Review: Let Me In

Written by: Beren Neale


In 2008 the Swedish horror film Let the Right One In pumped fresh blood into an anaemic vampire genre… so why the mad rush for a US version?

If you’re a hit-making studio exec, that’s a pretty easy question to answer: build on an existing foreign fan base, season with English-speaking stars, and get a nose-full of the glorious odour of a money making no-brainer. (Plus stoopid American’s only watch English-speaking films, right?)

But remakes aren’t artistically redundant by definition. If the producers are willing to put in the effort, you might even get a promising young director at the helm, someone artistically and commercially adept – a director like Cloverfield’s Matt Reeves.

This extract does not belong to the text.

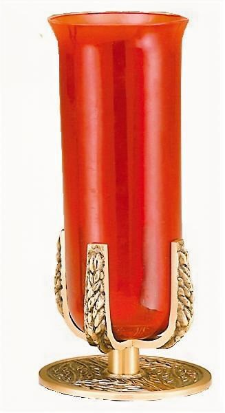 This altar sanctuary lamp is cast in textured bronze and illustrated in a brilliant high‑polish finish that enriches the ornate detailing of its sculpted supports and rounded base. The tall ruby glass vessel rises securely within the bronze framework, creating a luminous devotional focal point suited for perpetual light or sacramental presence. Its radiant finish and traditional craftsmanship offer a dignified, enduring presence for altars, chapels, and sanctuary settings.

And he does a sterling job retelling this story of a bullied boy finding friendship with a nomadic girl vampire. Though his job is largely restricted to lifting the thoughtful tempo and desolated Swedish suburban vistas from Tomas Alfredson’s Let the Right One In, and placing them into a carbon copy American setting. So far, so 2008…

What is unique about Let Me In is the two young leads, Kodi Smit-McPhee (The Road) and Chloe Moretz (Kick Ass), who comfortably guide the film through its familiar surroundings.

Perversely, the only original flourish in Let Me In undoes all its fine mimetic work. As Abby the vampire is driven out to feed, she pounces upon a victim and the CG takes over. The character we’ve followed and empathised with due to her human qualities is shown dancing midair, moving at impossible speed with those clichés of the American vampire: fierce lenses and a mouth full of sharp gnashers (both purposefully missing from Let the Right One In).

True, it’s a joy to see these great actors playing great characters (much like Lina Leandersson and Kåre Hedebrant did the first time round), but the film’s success is otherwise so intrinsically linked to the 2008 original, if you get the urge to go see it, rent Let Me In instead.